Bitcoin - Bildquelle: Pixabay / BenjaminNelan; Pixabay License

Bitcoin – Bildquelle: Pixabay / BenjaminNelan; Pixabay License

Wie von mehreren Wirtschaftsberichterstattern, darunter Bloomberg, bestätigt wurde, nahm der Gouverneur der Bank of England (BoE), Andrew Bailey, vor wenigen Tagen an einem VTALK mit Schülersprechern teil. Als das Thema der digitalen Währung aufkam, sagte Bailey:

Wir beschäftigen uns mit der Frage, ob wir eine digitale Währung der Bank of England schaffen sollten. Wir werden uns weiter damit befassen, da sie enorme Auswirkungen auf die Art der Zahlungen und die Gesellschaft hat. Ich denke, in einigen Jahren werden wir auf eine Art digitale Währung zusteuern.

Die Frage der digitalen Währung wird ein sehr großes Thema sein. Ich hoffe, dass sie das ist, denn das bedeutet, dass Covid hinter uns liegen wird.

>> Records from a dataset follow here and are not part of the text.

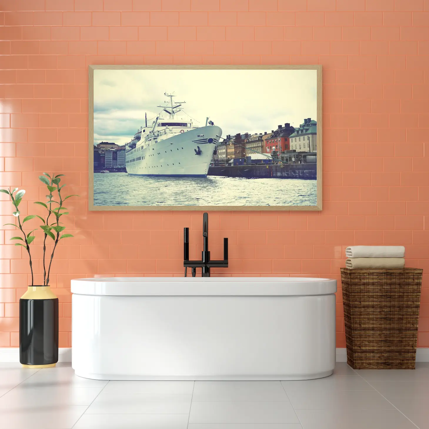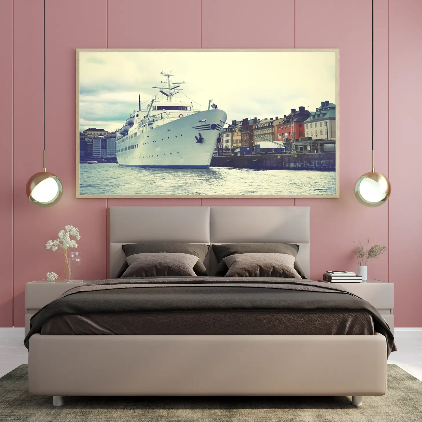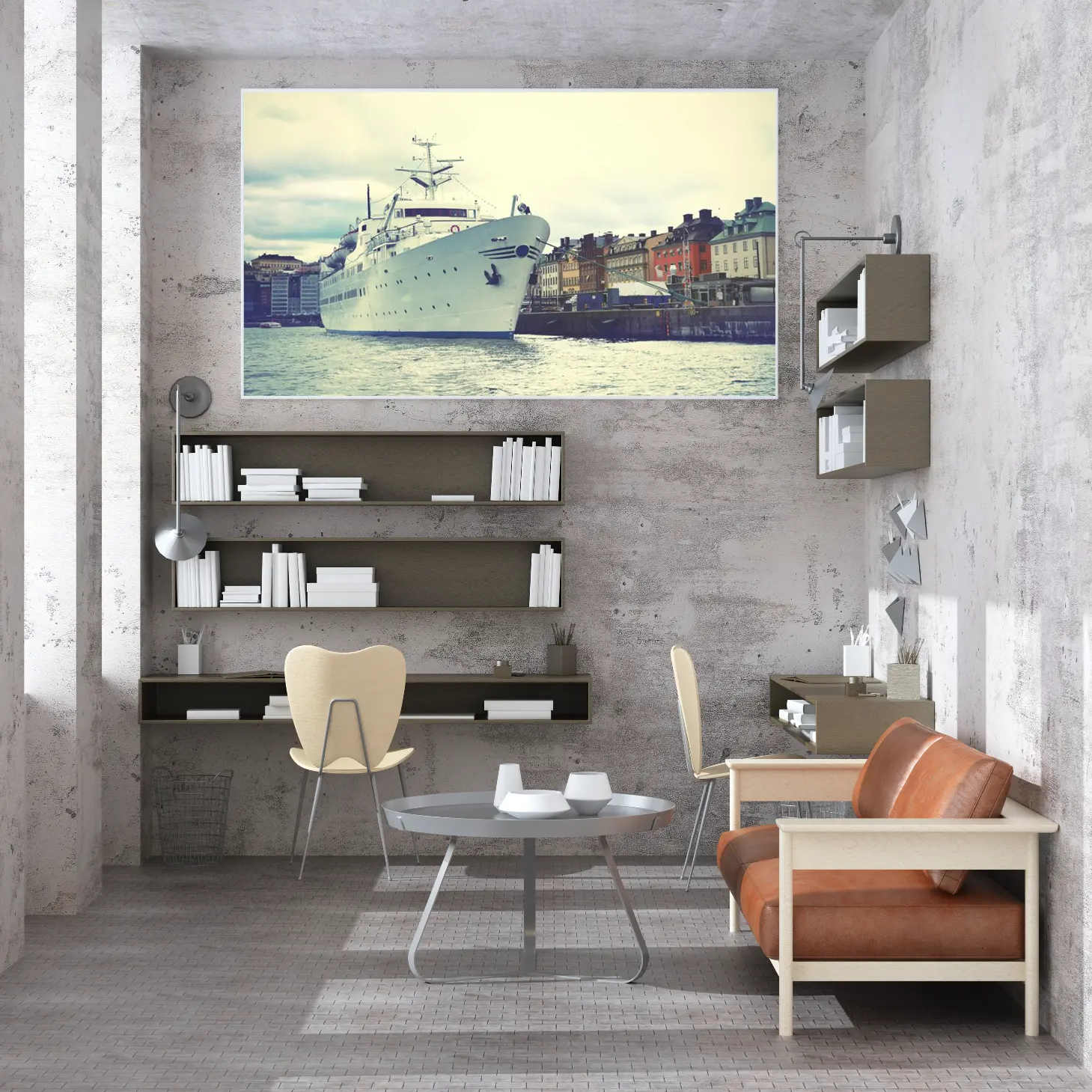 لوحة بحرية بسفينة بيضاء تبحر في مياه هادئة مع مباني ملونة في الخلفية، لوحات مناظر طبيعية، لوحات كانفاس.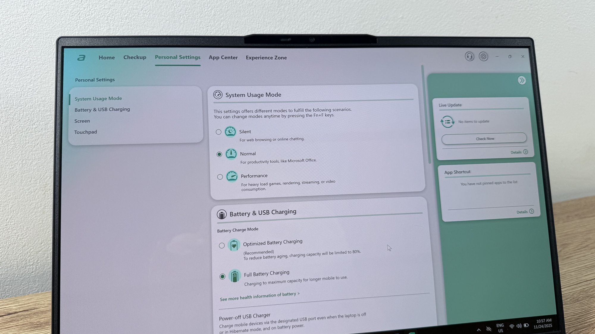 În multe scenarii de utilizare e suficient să utilizăm modul „Silent”, care ne oferă și cea mai bună autonomie. Obținem peste 15-16 ore de playback video continuu și dacă ajustăm luminozitatea, în task-uri Office, în jur de 10-12 ore de utilizare continuă. Ajută mult și ecranul OLED eficient în acest caz, mai ales dacă activăm Dark Mode în interfață.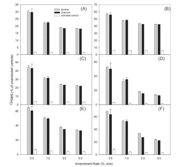 在平衡時(shí),通過活性炭吸附或隔離PBDEs反映了它們在PDMS纖維(C PDMS)上檢測到的水平的變化。在JL沉積物中,隨著活性炭修正,C PDMS顯著下降,并且活性炭的類型之間的減少不同(圖2)。例如,當(dāng)用生物炭以0.5%修正JL沉積物時(shí),C PDMS降低至未沉降沉積物中的水平的30.0-67.8%。木炭(29.7-63.5%)的效果與生物炭相似(圖2)。相比之下,活性炭修正沉積物中C PDMS的下降幅度更大(圖2))。例如,在含有0.5%活性炭的JL沉淀物中,對于不同的同源物,C PDMS降低至未改良處理的水平的1.8-8.1%。平均而言,添加1.0%的活性炭導(dǎo)致所選BDE同系物的C PDMS降低至對照水平的1.7-5.9%,這表明活性炭在沉積物中螯合PBDEs的能力遠(yuǎn)遠(yuǎn)高于其他黑碳材料。
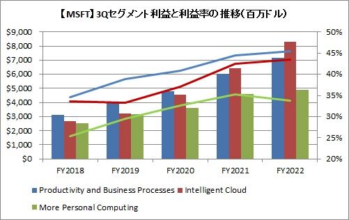 More Personal Computingの利益率が最も低く、前年同期比でわずかに低下しています。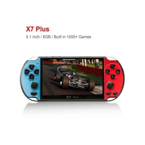 Características:\ nTela grande de alta definição de 7 polegadas (4,3 “/5,1"), melhor qualidade de imagem, proteção para os olhos. Console de jogos multifuncional, também suporta vídeo, música, e-books e outras funções. Memória de 16 GB/8 GB, mais de 1000 jogos embutidos, compatível com expansão de cartão TF. Suporta saída de vídeo de interface AV, conecte TV ou outras telas. Modo de controle duplo Cross Key + Rocker, jogando jogos de luta livremente. Especificações: Modelo: X7/X7 Plus/X12/X12 Plus Tipo: console de jogos\ nCor: azul e vermelho e vermelho-azul\ nMaterial: ABS Tamanho da tela: 4,3/5,1/7 polegadas” Console de jogos embutido: 1000 + Capacidade da bateria: 2500 mAh Método de download: conecte à porta USB do computador para baixarFormato de vídeo: BMVB, FLV, AVI, MP4, 3GP (suporta reprodução de vídeo 1080* 720P) voltar) Formato de música: MP3, WMA, WAV, etc. Se ele suporta economia de progresso:\ nExpansão máxima de memória:\ nCartão TF máximo de 32G (não incluído)\ nSe ele suporta saída AV: Sim\ nTamanho do pacote: 28,5* 13,5 * 5 cm/11,2 * 5,3* 2,0\ nPeso da embalagem: 504 g/17,8\ nLista de pacotes: 1 * Console de jogos\ n1 * Cabo de carregamento\ n1 * Fone de ouvido\ n1 * Manual do usuário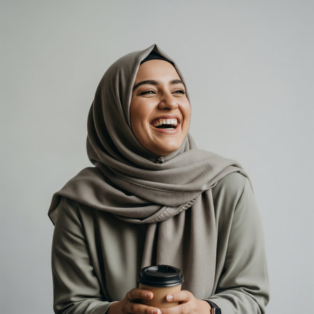 Cheerful young Asian Muslim woman in hijab surrounded by happiness

(We are looking at the question of, should we create a Bank of England digital currency. We’ll go on looking at it, as it does have huge implications on the nature of payments and society. I think in a few years time, we will be heading toward some sort of digital currency.

The digital currency issue will be a very big issue. I hope it is, because that means Covid will be behind us.)

Das ist zwar nur ein kurzes Zitat, aber es beinhaltet mehrere Stränge, die wir aufgreifen müssen.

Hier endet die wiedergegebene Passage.